Cuando llegué, en recepción no había nadie. Encontré a todo el mundo, tanto al personal como a los residentes, apiñado frente al televisor, viendo los acontecimientos de Nueva York. Cuando entré, el segundo avión se estrelló contra el World Trade Center.

Nadie olvidará la conmoción de ese día. Describir lo que se sintió al ver algo tan inimaginable, tan horrible, es tarea difícil, incluso ahora, dos décadas después. Esa tarde cuando volví a la redacción, un colega me dijo “bueno, Imogen, ya está, nuestro mundo ha cambiado para siempre”. Yo seguía tan concentrada en lo que acababa de ocurrir que no le entendí bien, y tardé en darme cuenta de cuánta razón tenía.

Ese día nuestro mundo cambió para siempre: desde esos pequeños inconvenientes a la hora de viajar, hasta los temores sobre nuestra seguridad, los prejuicios y la intolerancia hacia los grupos que se perciben como una amenaza, los cambios radicales en las leyes de seguridad.

Y ¿cuáles han sido las consecuencias para los derechos humanos? “Quiero que mi gobierno luche contra el terrorismo. Quiero que los autores del 11-S o de cualquier otro atentado terrorista comparezcan ante la Justicia”, dice Gerald Staberock, secretario general de la Organización Mundial contra la Tortura.

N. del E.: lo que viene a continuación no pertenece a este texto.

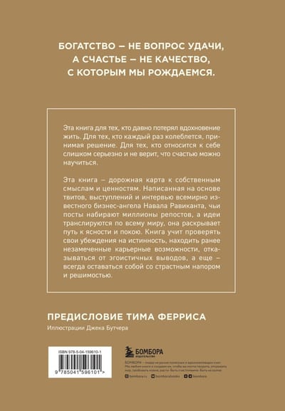 В сумасшедшей гонке за богатством и успехом давно нет места главному — жизни. Жизни, наполненной счастьем, гармонией и изобилием. В этой книге нет историй головокружительного успеха или внезапно улыбнувшейся удачи. Здесь ответы только на самые волнующие вопросы: как честность и принципы приведут к богатству, почему то, как все работают, уже не работает и, главное — сколько нулей нужно для счастья? Равикант виртуозно объясняет простыми словами фундаментальные основы бизнеса, философии и физики, следуя которым можно проснуться богатым. И это не просто слова. Все сказанное Навал испробовал на себе. И это сработало. Так почему бы не попробовать и вам?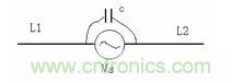 圖中,Vs 為騷擾源,對圖4 來說,就是開關管VT2 的D 極,L1、L2 相當于天線的兩個極,一個極是與開關管D 極相連的印制線,另外一個極是散熱器及與之相連的接地線,C是天線兩極之間的耦合電容,即圖4 中開關管與散熱器之間的耦合電容。

Aunque Staberock también lamenta que los atentados del 11-S, que califica como “negación de los propios valores de los derechos humanos”, hayan provocado  –en su opinión– “otro ataque a los derechos humanos, a través de la lucha antiterrorista”.

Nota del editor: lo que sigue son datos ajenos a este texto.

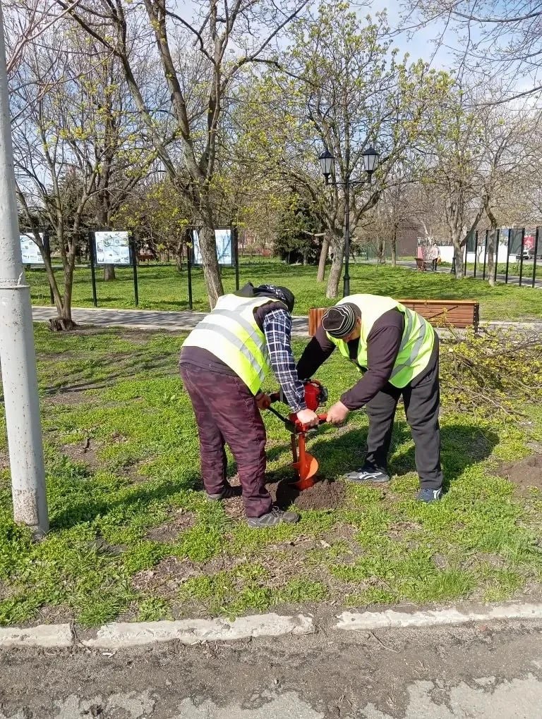 Начата подготовка к высадке саженцев туи в сквере Воинской Славы и на ул. Центральной.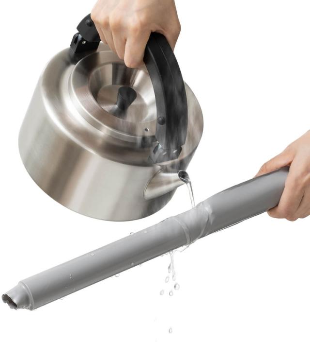 アイデア次第で色々使える、物干し用の補修用カバー。物干し竿にかぶせ、お湯をかけるとぴったりカバーでき、劣化を防ぐ。お湯をかけるかドライヤーの熱風をあてるだけで熱収縮性を利用し、チューブが竿にぴったり密着。

Mirando hacia atrás –con todo el conocimiento que tenemos de las entregas extrajudiciales, del centro de detención de Guantánamo, del hundimiento en agua y demás– ahora es muy difícil recordar que en los primeros meses e incluso años después del 11-S, ninguno de nosotros –ni siquiera quienes defienden los derechos humanos– éramos muy conscientes de cómo se estaba librando la “guerra contra el terror”.  

Una vez que esa guerra se llevó a cabo en serio en Afganistán, recuerdo haber recibido una pista, de manera confidencial, del Comité Internacional de la Cruz Roja (CICR), que me dijo que estaban al tanto de los detenidos que eran trasladados desde la base aérea de Bagram, en Afganistán, pero que no tenían ni idea de adónde los llevaban. Según los Convenios de Ginebra, la función del CICR es visitar a los detenidos durante el conflicto, una función que fue imposible cumplir, al menos durante un tiempo.

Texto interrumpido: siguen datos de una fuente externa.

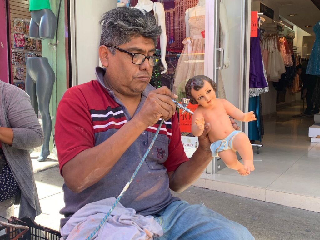 El señor Carlos Bautista, desde los 14 años aprendió a restaurar figuras de niños dios y demás santos, en dónde desde hace ya varios años ha logrado encontrar una fuente de ingresos en esta temporada decembrina.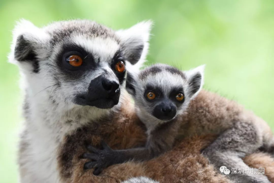嗨,我是乖巧的环尾狐猴宝宝,紧紧抓住妈妈的背,我才有安全感。

Hasta cinco años después del 11-S las Naciones Unidas no crearon un puesto para informar sobre los cambios en la lucha antiterrorista. “En esa ausencia yace la historia de una zona libre de derechos humanos”, durante la cual “los Estados Unidos se movilizaron para practicar la tortura, las entregas extrajudiciales o el establecimiento de un agujero negro en el que se retenía arbitrariamente a la gente”, afirma Fionnuala Ní Aoláin, relatora especial sobre derechos humanos y lucha antiterrorista de la ONU.

Aceptación de la tortura

Los gobiernos han argumentado que las medidas extraordinarias son necesarias para contrarrestar amenazas extraordinarias. Ciertamente, ningún líder político quiere que se produzca un atentado del tipo del 11 de septiembre bajo su mandato. Y, tal y como muestran muchas encuestas de opinión, en nombre de la derrota del terrorismo, el público está dispuesto a comprometer algunas normas fundamentales de derechos humanos. 

Un estudio realizado en 2016 por el CICR reveló que, entre los mileniales de los países industrializados, muchos estaban de acuerdo en que la tortura estaba justificada si conducía a información que pudiera salvar vidas. Una gran mayoría de los jóvenes que viven en zonas de conflicto o bajo regímenes represivos, sorprendentemente, sigue oponiéndose a la tortura.

Este cambio en la opinión preocupa a Fionnuala Ní Aoláin, que señala que algunos gobiernos han pasado a justificar leyes cada vez más represivas en nombre de la guerra antiterrorista. “Ahora mismo en Arabia Saudí, Turquía, Egipto…, vemos que los gobiernos dicen que quienes defienden los derechos humanos son terroristas, que quienes defienden el medioambiente son terroristas, que quienes defienden los derechos de las mujeres son terroristas”.

¿Es el contraterrorismo contraproducente?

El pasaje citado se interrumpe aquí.